暮瓷回来盛宫别墅不多时便被男人压在落地窗前。
男人低头含着她的耳垂轻轻厮磨着,暴戾恣睢的气息侵袭她全身。
“给我。”
低磁的声音透着强势的压迫。
暮瓷知道男人很生气,但也不想第二天起不来。
“你想看看我水墨睡袍下穿的什么吗?”
她扬起纤长的仙颈,温软的酥音带着一丝讨好。
“取悦我?”
男人淡笑了一声,明显气消了一半。
剩下一半么……自然要暮瓷亲自来消。
暮瓷伸出白皙双手勾住男人的脖颈,踮起脚尖主动吻了上去。
……
……
申城。
万景楼。
柔和的光线照在水面上,浮光跃金,静影沉璧。
温妲过来找暮瓷时,看到她站在曲桥上,盛颜仙姿,肤若凝脂,是非常标准的东方中式美人相。
比白月光还白月光,就像是为大屏幕而生的脸。
“暮瓷。

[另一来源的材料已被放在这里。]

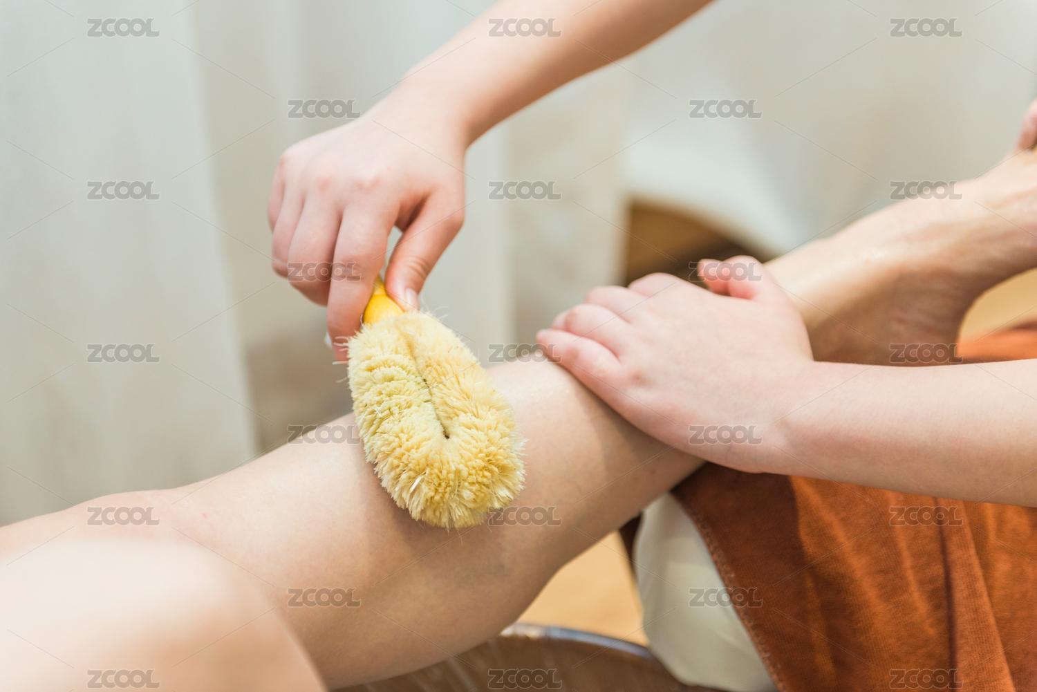 使用純天然鬃毛刷清潔小腿肌膚
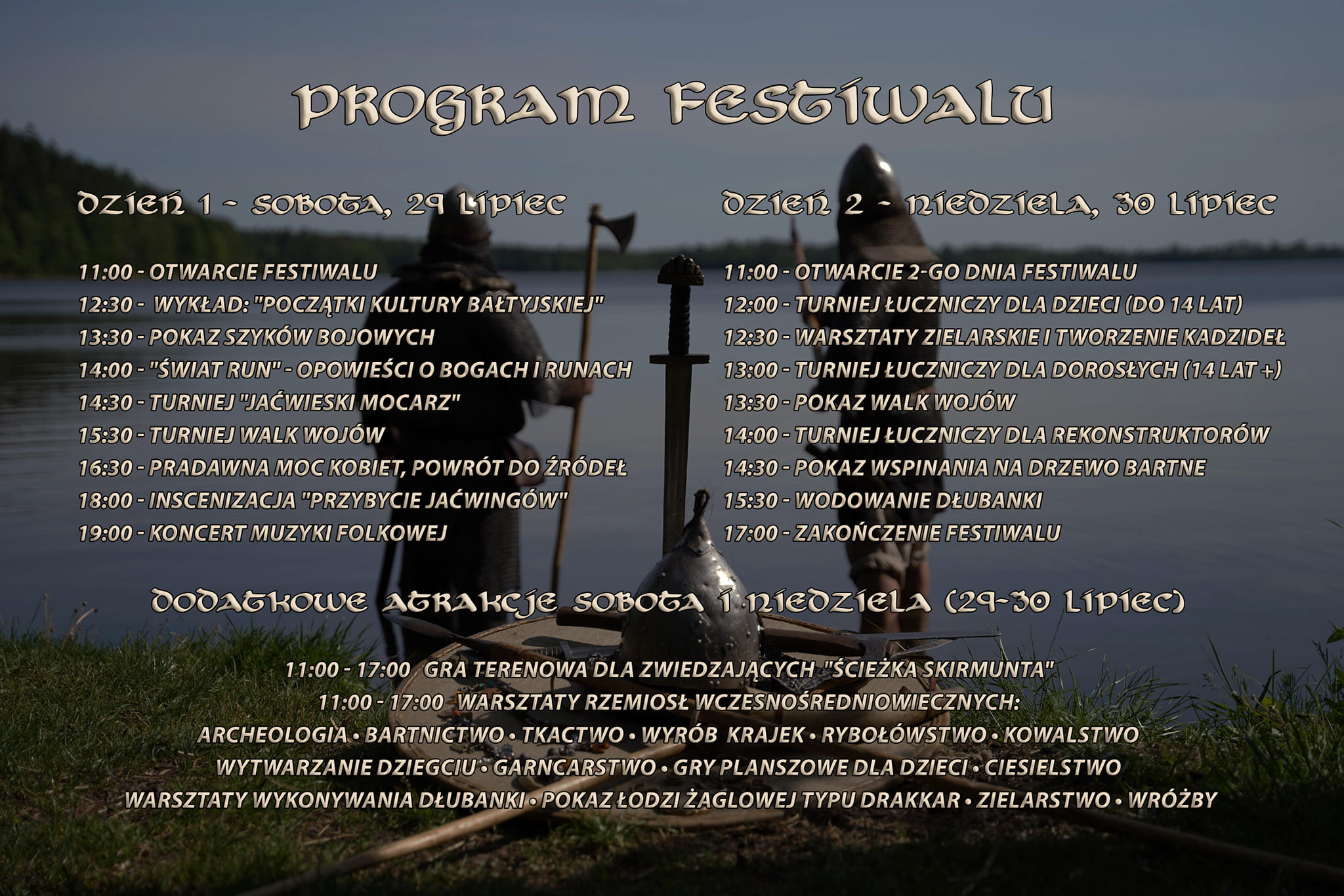 BÄ™dÄ… konkursy z nagrodami dla dorosÅ‚ych, mÅ‚odzieży i dzieci, w tym konkurs Å‚uczniczy, gry terenowe, dawne rzemiosÅ‚a, kuchnia, muzyka, walki wojów i wiele innych atrakcji.

”温妲来到暮瓷的身边,伸手拍了一下她的肩膀,“找你好久了,怎么在这呢?”
暮瓷柳眉蹙若山黛,盯着人看的时候含着丝丝柔情,“怎么了?”
温妲甜美的小脸笑着说道:“听说今天京城那边会有个重要客人过来,财阀大佬,可能要忙到很晚。”
财阀大佬。
暮瓷思忖了一下,美眸眨了眨。
这时温妲又笑着说道:“听说每个侍者都有一万块的小费。”
“真的有一万块小费……”暮瓷微微垂眸,密长的睫毛微微轻颤。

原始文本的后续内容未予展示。